2      Preparation for experiments

2.1    Prepared data

The reference collection used in this work was provided by Third Opinion Platform [9]. It
contains 5270 annotated ultrasound images of the bladder taken from 400 videos. The
example of bladder image and picture of its mask which were taken from a total sample
is shown in Fig. 1. The annotation contains not only bladder images and its masks but
also the information about the videos from which that images were taken. It also includes
information about the position of the frame inside this video and information about the
presence or absence of the bladder. Moreover, we have ultrasound videos themselves,
containing about 18000 unannotated frames.

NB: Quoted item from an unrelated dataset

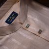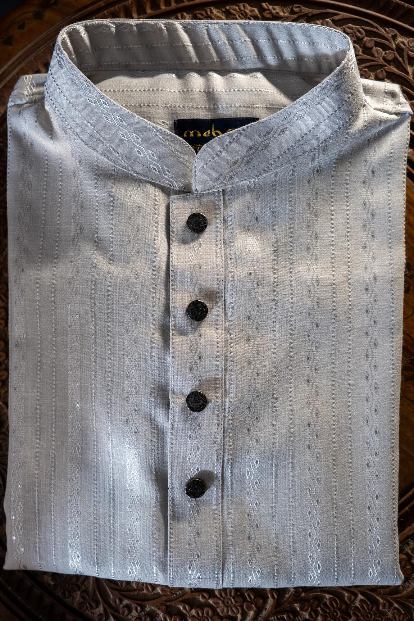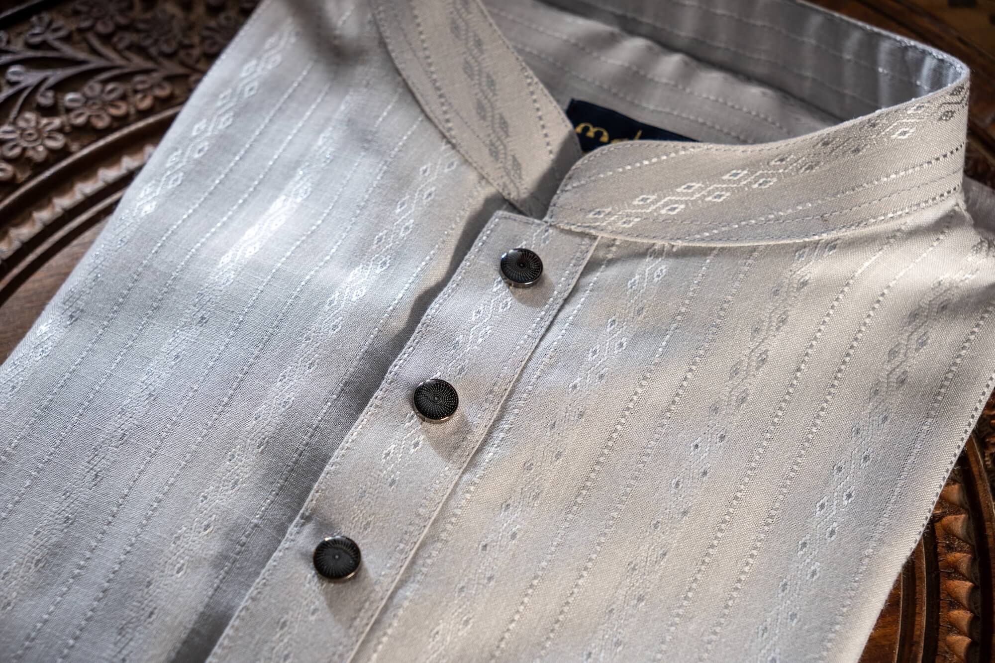 - Classic band collar with a modern silhouette

For further experiments, all videos and cor-
responding frames were randomly allocated either to the training sample or to the test
sample.
    It is important to emphasize that all frames from the same video necessarily belong
to only one of the samples, otherwise the purity of the experiment would be disturbed
owning to false quality improvement of the algorithm work which occurs as a result of
testing on images that are similar to the training ones.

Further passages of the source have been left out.